Glenn Carbonara

Personal information
- Date of birth: September 17, 1966 (age 59)
- Place of birth: Vineland, New Jersey, U.S.
- Height: 5 ft 11 in (1.80 m)
- Position: Defender

College career
- Years: Team / Apps / (Gls)
- 1984–1987: Rutgers Scarlet Knights

Senior career*
- Years: Team / Apps / (Gls)
- 1988–1990: Baltimore Blast (indoor) / 40 / (6)
- 1990–1991: San Diego Sockers (indoor) / 32 / (5)
- 1991–1992: Illinois Thunder (indoor) / 24 / (5)
- 1992–1996: Cleveland Crunch (indoor) / 155 / (34)
- 1996–2002: Milwaukee Wave (indoor) / 221 / (42)
- 2002–2003: Philadelphia KiXX (indoor) / 34 / (5)
- Total:  / 506 / (97)

International career
- 1996–2000: U.S. Futsal / 12 / (3)

= Glenn Carbonara =

American soccer player (born 1966)

Glenn Carbonara (born September 17, 1966) is an American retired soccer defender who spent his entire professional career in the American indoor leagues.

==Youth==
Raised in Vineland, New Jersey, Carbonara graduated in 1984 from Vineland High School. He was a 1984 Parade Magazine High School All American soccer player. He holds the single season scoring record for the state of New Jersey with 67 goals set in 1983. He is a member of the Vineland High School Hall of Fame. Carbonara attended Rutgers University, playing on the men's soccer team from 1984 to 1988.

==Professional==
In 1988, the Minnesota Strikers selected Carbonara in the Major Indoor Soccer League draft. When the Strikers folded, the Baltimore Blast acquired Carbonara's rights. He spent two seasons in Baltimore, but was released before the 1990–1991 season. In October 1990, Carbonara signed with the San Diego Sockers.

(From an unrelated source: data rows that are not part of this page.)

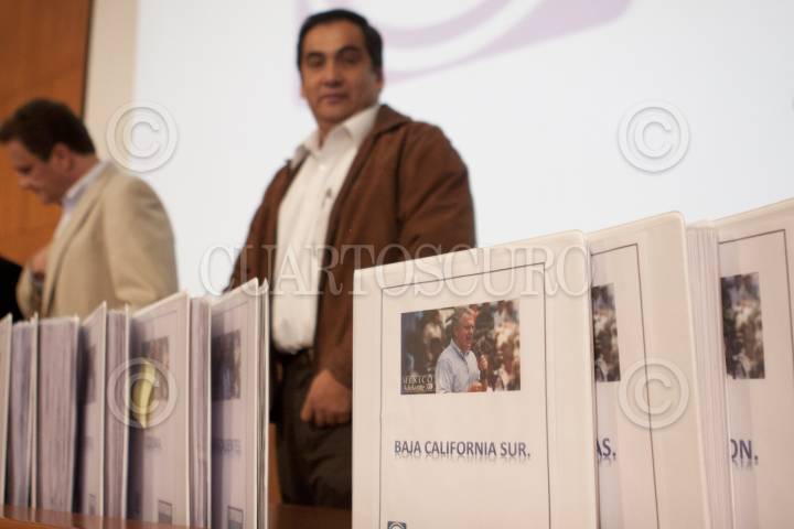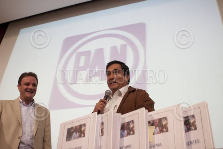 MÉXICO, D.F., 03DICIEMBRE2011.- José Espina Von Roehrich, presidente de la Comisión Nacional de Elecciones del PAN, recibió las firmas de apoyo para resolver su registro como precandidatos ante la Comisión Nacional de Elección del PAN. En la imagen el senador Sergio Álvarez Mata entregó las carpetas de firmas de Santiago Creel. FOTO: MOISÉS PABLO/CUARTOSCURO.COM
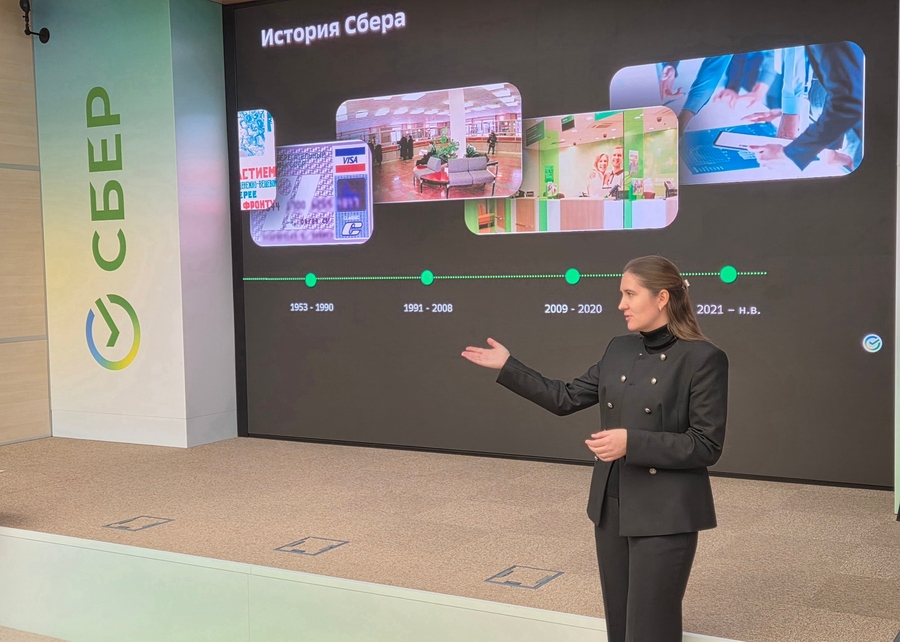Затем студентам был показан фильм об истории Сбера - от первых шагов к становлению до превращения в многофункциональную экосистему, объединяющую финансовые, сервисные и цифровые решения. После просмотра экскурсия продолжилась знакомством с широким спектром подразделений, от маркетинга и менеджмента до отделов, работающих с малым и средним бизнесом, крупными корпоративными клиентами и государственными учреждениями.
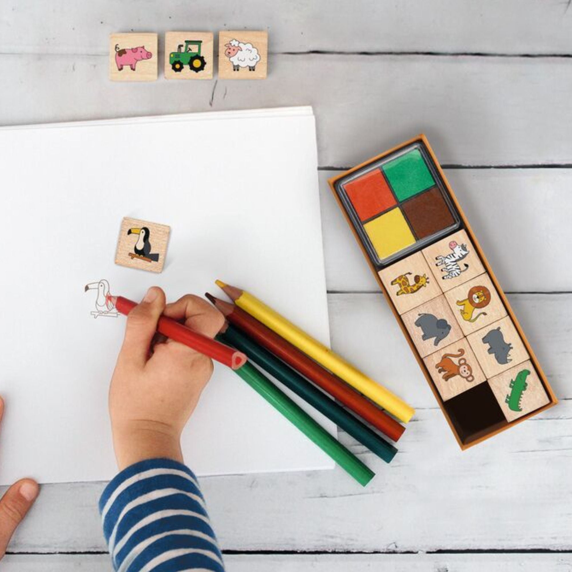 Stempel gehören einfach zum Basteln dazu – ob zum Verzieren von Karten, Gestalten von Bildern oder zum freien kreativen Ausprobieren. Mit unseren Stempelsets fällt die Auswahl leicht: Jedes Set enthält gleich acht verschiedene Stempel zu einem Thema sowie ein vierfarbiges Stempelkissen. So entstehen im Handumdrehen bunte Kunstwerke – ganz ohne Grenzen für die Fantasie. Die Stempel bestehen aus robustem Holz und liegen dank ihrer handlichen Form besonders gut in kleinen Kinderhänden.
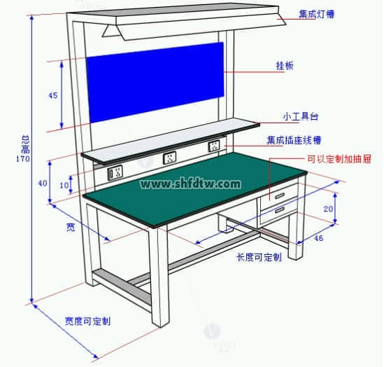 燈架:加高95cm燈架,預(yù)裝燈槽,燈架頂下方為掛板、儀表臺、集成線槽。(燈管需要客戶自配LED雙端T8燈管,掛鉤零件盒不含);
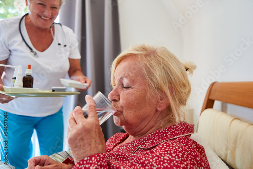 Kranke Seniorin nimmt Medikamente ein mit Glas Wasser
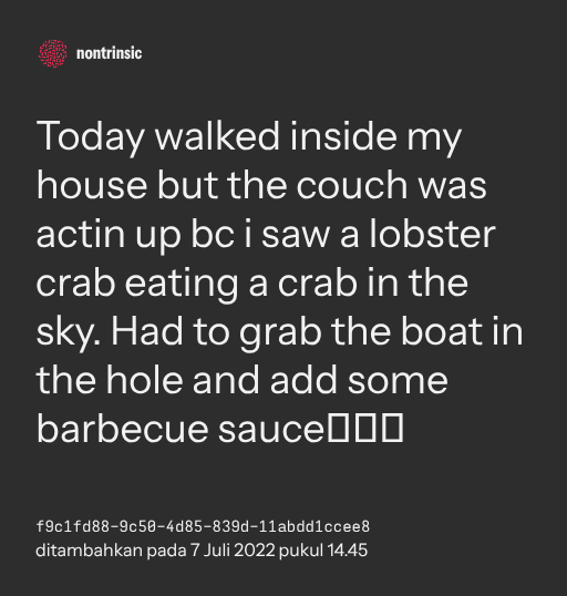 ๐ค shareToday walked inside my house but the couch was actin up bc i saw a lobster crab eating a crab in the sky. Had to grab the boat in the hole and add some barbecue sauce๐ญ๐ญ๐ญ
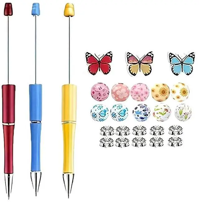 Beadable Pens Bulk With Colorful Silicone Beads For DIY Pen Making Kit For Women Kids Students Office School
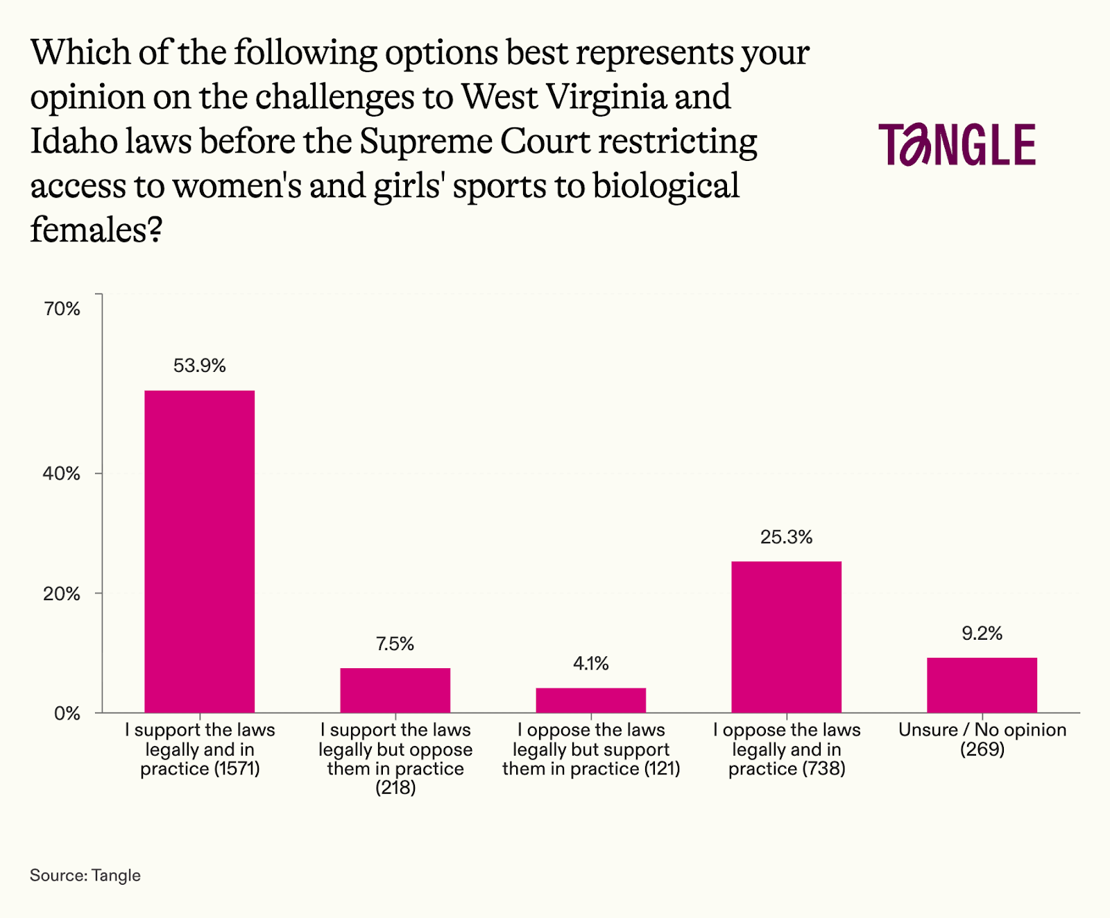 - Yesterday’s survey: 2,917 readers responded to our survey on the state laws restricting transgender women and girls from women’s and girls’ sports before the Supreme Court with 54% supporting the laws in theory and in practice. “You can’t erase biology; a natal male will be inherently stronger than a natal female. This issue, which affects a tiny minority, is taking too much oxygen,” one respondent said. “Allow individual institutions to make laws tailored to their needs. A NCAA ruling that could impact potentially hundreds of thousands of people should be different than a local rec league impacting dozens,” said another.
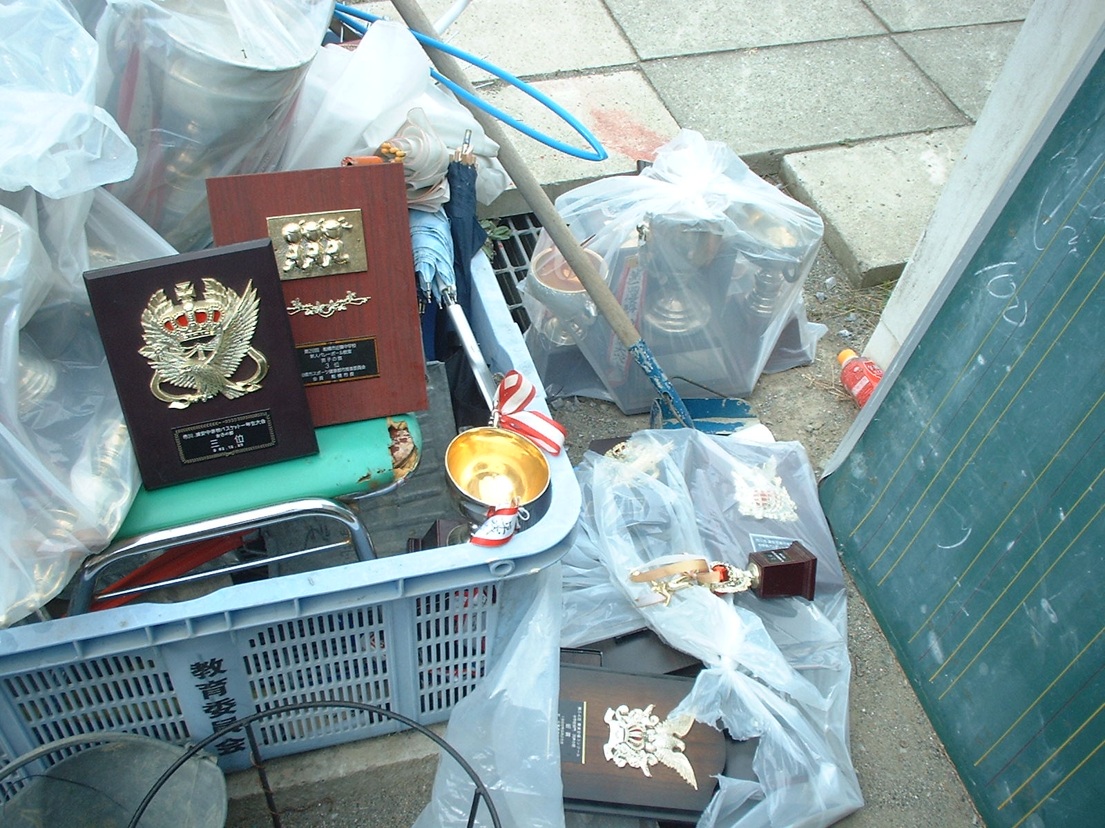 なんという残骸だ。いや、「残骸」って言わないか。これ撮るために、1回家に帰る僕。「あんたバカじゃないの?」っていわれたら言い返せません。しかし、こいつは酷い。たては、かさばるから捨てるのは100歩ゆずって許そう。しかし、カップが捨ててあるのはなんだ!?これは、年々優勝するところに受け継がれていくものでしょう!?捨てちゃっていいの??なんと、最近の物まであるではないか。なんということだ・・。
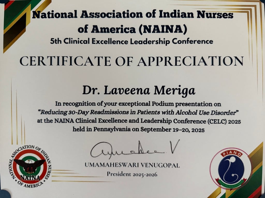 Dr. Meriga was given the opportunity to showcase and present her DNP Quality Improvement Project at the CELC NAINA Conference in September 2025.
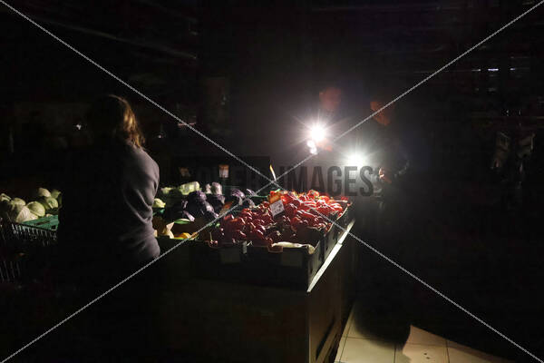 Keywords: Ukraine conflict,Russian invasion,Ukraine war,war,conflict,Russia-Ukraine war,business,supermarket,food,economy,power supply,blackout,power outage,power cut,dark,shop,Kyiv,vegetable,light,flash

That season, the Sockers won the league championship while Carbonara was named the Championship Series Unsung Hero. The Sockers released him during the off-season and Carbonara joined the Illinois Thunder of the National Professional Soccer League. In 1992, Carbonara moved to the Cleveland Crunch. In 1993, the Crunch won the NPSL title, giving Carbonara his second of his career. On December 27, 1996, the Crunch traded Carbonara, Obi Moneme, and Todd Dusosky to the Milwaukee Wave for Matt Knowles. Carbonara remained with the Wave until 2002. In 2001, he was named the NPSL Defender of the Year. On July 24, 2002, the Philadelphia KiXX purchased Carbonara's contract from the Wave. He played one season, then retired. Carbonara ended his career playing in 10 championship series winning 6 ( 1 with the San Diego Sockers, 2 with the Cleveland Crunch and 3 with the Milwaukee Wave). Carbonara was also a six time all- star in the MISL/NPSL/MSL.

==International==
Carbonara played for the United States national futsal team.